# RECORDS:
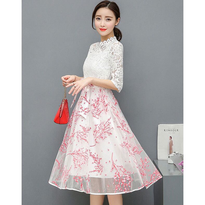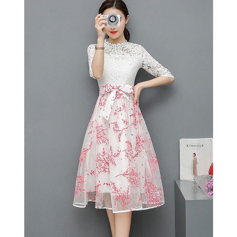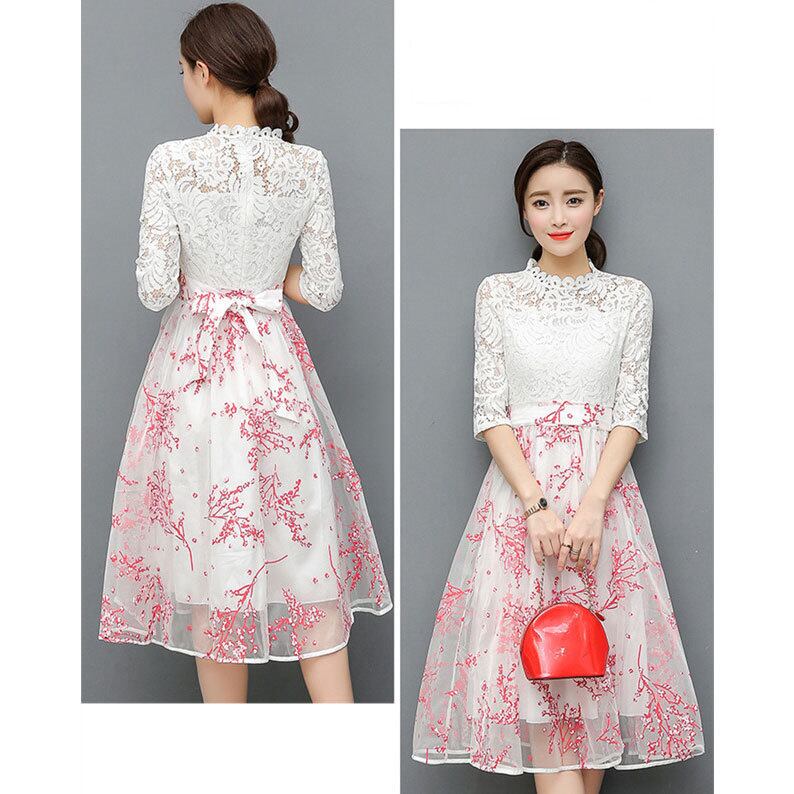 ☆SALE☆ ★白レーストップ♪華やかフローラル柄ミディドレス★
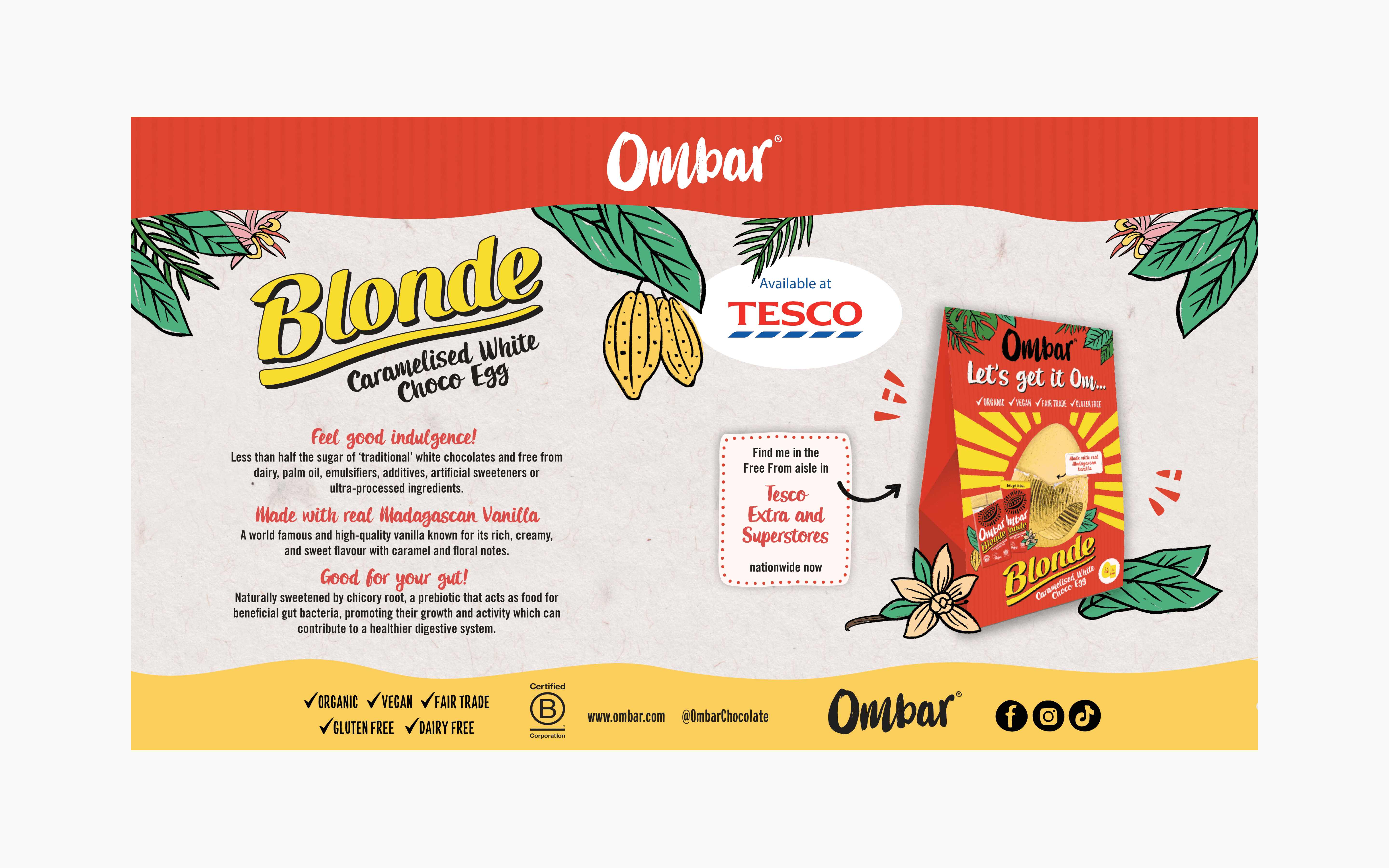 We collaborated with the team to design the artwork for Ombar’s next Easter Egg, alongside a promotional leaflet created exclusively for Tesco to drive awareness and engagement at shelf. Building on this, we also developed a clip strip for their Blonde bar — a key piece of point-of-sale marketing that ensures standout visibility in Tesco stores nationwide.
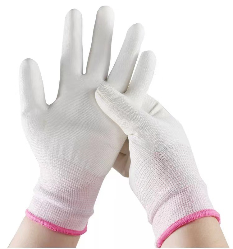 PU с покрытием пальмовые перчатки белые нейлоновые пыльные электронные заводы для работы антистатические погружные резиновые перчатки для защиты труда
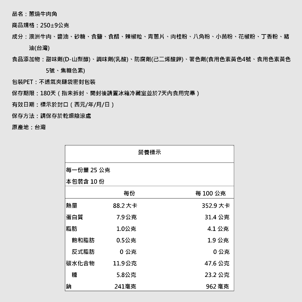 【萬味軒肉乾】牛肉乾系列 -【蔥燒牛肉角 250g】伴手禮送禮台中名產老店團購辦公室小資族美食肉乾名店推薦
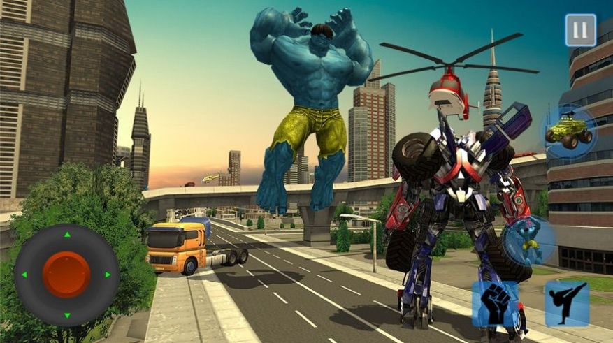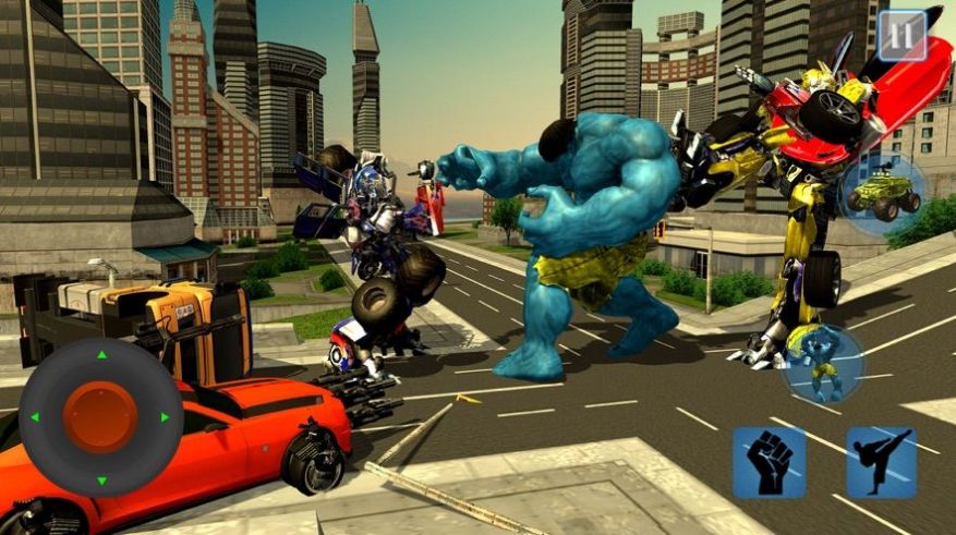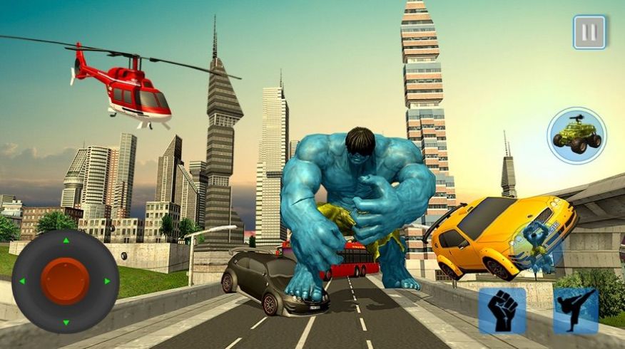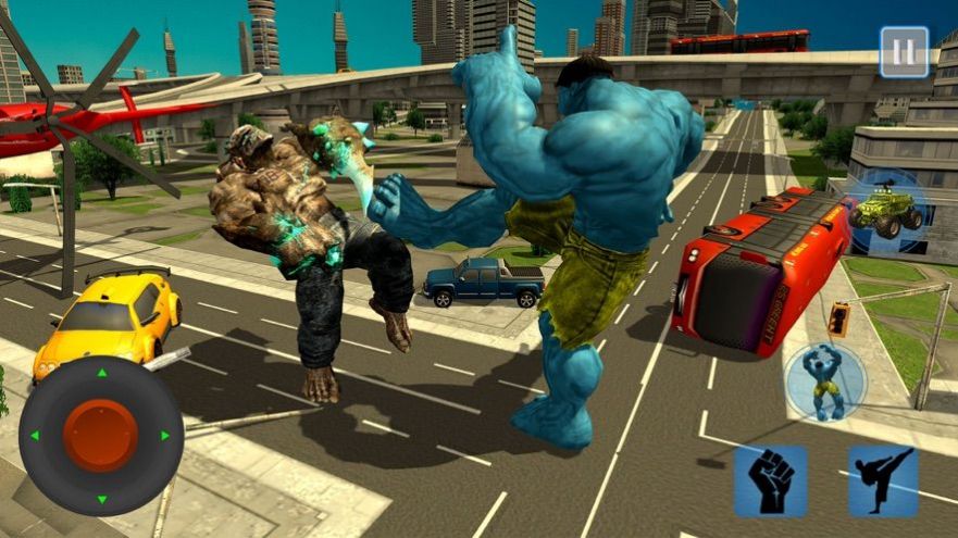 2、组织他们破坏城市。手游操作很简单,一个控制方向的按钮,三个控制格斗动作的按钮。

---

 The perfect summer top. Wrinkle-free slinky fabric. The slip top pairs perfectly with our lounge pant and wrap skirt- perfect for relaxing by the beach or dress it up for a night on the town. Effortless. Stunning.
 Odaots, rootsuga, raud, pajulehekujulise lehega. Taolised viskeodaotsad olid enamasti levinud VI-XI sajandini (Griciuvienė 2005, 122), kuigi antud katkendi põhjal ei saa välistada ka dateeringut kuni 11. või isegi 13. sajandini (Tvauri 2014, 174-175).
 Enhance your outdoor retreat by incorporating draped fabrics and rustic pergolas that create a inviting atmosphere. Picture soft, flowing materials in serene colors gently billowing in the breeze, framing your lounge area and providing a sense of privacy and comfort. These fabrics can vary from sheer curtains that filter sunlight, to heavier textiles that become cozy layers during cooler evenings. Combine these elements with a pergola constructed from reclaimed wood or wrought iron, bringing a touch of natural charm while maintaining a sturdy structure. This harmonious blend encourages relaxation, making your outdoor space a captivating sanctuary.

# WHAT THE TASK ASKS:
Nothing but the lines above, starting at the line that contains "PU с покрытием" and ending at the line that contains "2、组织他们破坏城市。手游操", should be given again, exactly and without the pictures.

# TASK OUTPUT:
 PU с покрытием пальмовые перчатки белые нейлоновые пыльные электронные заводы для работы антистатические погружные резиновые перчатки для защиты труда
 【萬味軒肉乾】牛肉乾系列 -【蔥燒牛肉角 250g】伴手禮送禮台中名產老店團購辦公室小資族美食肉乾名店推薦
 2、组织他们破坏城市。手游操作很简单,一个控制方向的按钮,三个控制格斗动作的按钮。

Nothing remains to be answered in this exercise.